Titles Only Titles Only Newest First
  • PHP Metadata toolkit
    2006-03-25 07:29:06 Paul Freeman [Reply]

    XMP is a bit of a pain, and I'm afraid that the PHP Metadata toolkit has been broken by more recent releases.


    The PHP Metadata toolkit works well where the XMP was injected by Photoshop CS and previous versions. However in CS2 which uses more recent versions of the XMP toolkit, Adobe has decided on a completely different syntax for XMP. This breaks the PHP Metadata toolkit which makes assumptions (reasonable ones I have to say) about the RDF serialisation which is being used.


    I'm not an RDF expert, but it looks to me as though the new format strays further from the spirit of RDF. Its an odd looking serialisation with nearly every datum recorded as an attribute of the top level rdf tag.


    The PHP Metadata toolkit still has uses (it can still pull out JPEG thumbnails for example) but it is not being actively developed.


    I'm going to try a couple of PHP based RDF parsers on the new format and see if they can handle this serialisation, but I'm not too hopeful.


    Paul AT architek DOT co DOT uk

  • Search tools?
    2006-03-22 11:11:05 creative-zen [Reply]

    Has anyone seen any search tools for searching XMP?

  • Perl implementation
    2006-02-28 00:51:45 martijn@foodfight.org [Reply]

    The Perl module 'Image::Exiftool' handles XMP metadata on loads of formats, even videos, mp3s and other non-images.

    • Perl implementation
      2006-02-28 04:31:58 Bob DuCharme [Reply]

      Excellent! This is great news, and I look forward to playing with it.

  • PHP JPEG Metadata Toolkit
    2006-01-27 14:40:26 trefrog [Reply]

    I don't know how well this toolkit works, but I'm definitely going to try it out. It has functions for working with embedded Dublin Core metadata in JPEG files, which is exactly what I was looking for.


    http://www.ozhiker.com/electronics/pjmt/

  • No Tools on the horizon...
    2005-05-21 13:30:44 s.frank [Reply]

    The article is from somewhere last year, and I have searched the web quite desparately for the mentioned open-source tools for XMP (especially a java SDK to read, write and embed XMP data into different file-formats) - without any success. In the user-forum, everybody is looking for tools, but noone seems to have anything on their hands - even adobe only offers a c-based sdk (Which is a shame, as nearly all rdf-toolkits are java based.)

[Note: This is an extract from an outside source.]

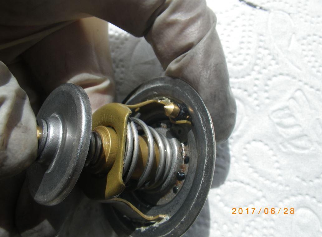 Das könnte zusätzlich ein schlecht oder nicht schließender Kurzschlussteller im Thermostat sein, also der kleine Teller mit D=33. Da sind jetzt ausreichend Gründe zusammen für einen Tausch.

    I really wonder, if xmp is dead and\or limited to adobe, or if it still has chances to get off the ground...

    • No Tools on the horizon...
      2005-11-17 13:36:34 pdresslar [Reply]

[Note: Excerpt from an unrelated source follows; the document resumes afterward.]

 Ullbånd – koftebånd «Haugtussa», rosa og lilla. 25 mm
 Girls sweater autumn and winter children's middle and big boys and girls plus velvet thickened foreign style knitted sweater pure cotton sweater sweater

      Any new updates on this? Not much going on with XMP as of now, at least according to Google. Pity, as it is atractive to a few large firms I know of.

    • No Tools on the horizon...
      2005-08-17 09:01:54 Alex55 [Reply]

      Brightech's MediaBeacon R3volution is a great digital asset manager that is Java based.


      It has taken full advantage of XMP making it easier to add and work with metadata.

    • No Tools on the horizon...
      2005-05-21 15:31:30 Bob DuCharme [Reply]

      Yeah, Adobe doesn't seem to understand that they need to provide at least some Java tools or a Python wrapper to their C tools before any kind of grass roots popularity of XMP gets moving. I've heard that some people in Adobe do get this, but that they're losing the internal battles over the best way to promote XMP. It's too bad.

  • exploring XMP on publicly acessible JPEG's
    2004-11-20 07:28:56 THXmil138 [Reply]

    "an increased use of XMP in PDF, JPEG, and other formats will eventually mean more files with RDF-based metadata sitting on publicly accessible web servers,"


    Is there at the moment any tool that allows you to view embedded xmp on JPEG on a common web-browser?
    Or any form of reading that by only pulling the headers of the file from a normal http server?

  • author (mis)behavior...
    2004-09-28 09:05:13 Eric Johnson [Reply]

    Of course, we can't get most webpage authors to populate a TITLE tag (much less META tags), but this still sounds like a step forward -- especially if you can set default values (like author name, last edited, etc).


    As I think the author alluded to, this will probably be most useful for content generated by professionals where workflow rules enforce metadata application.


    Again, it's still a win. Just a small one for now.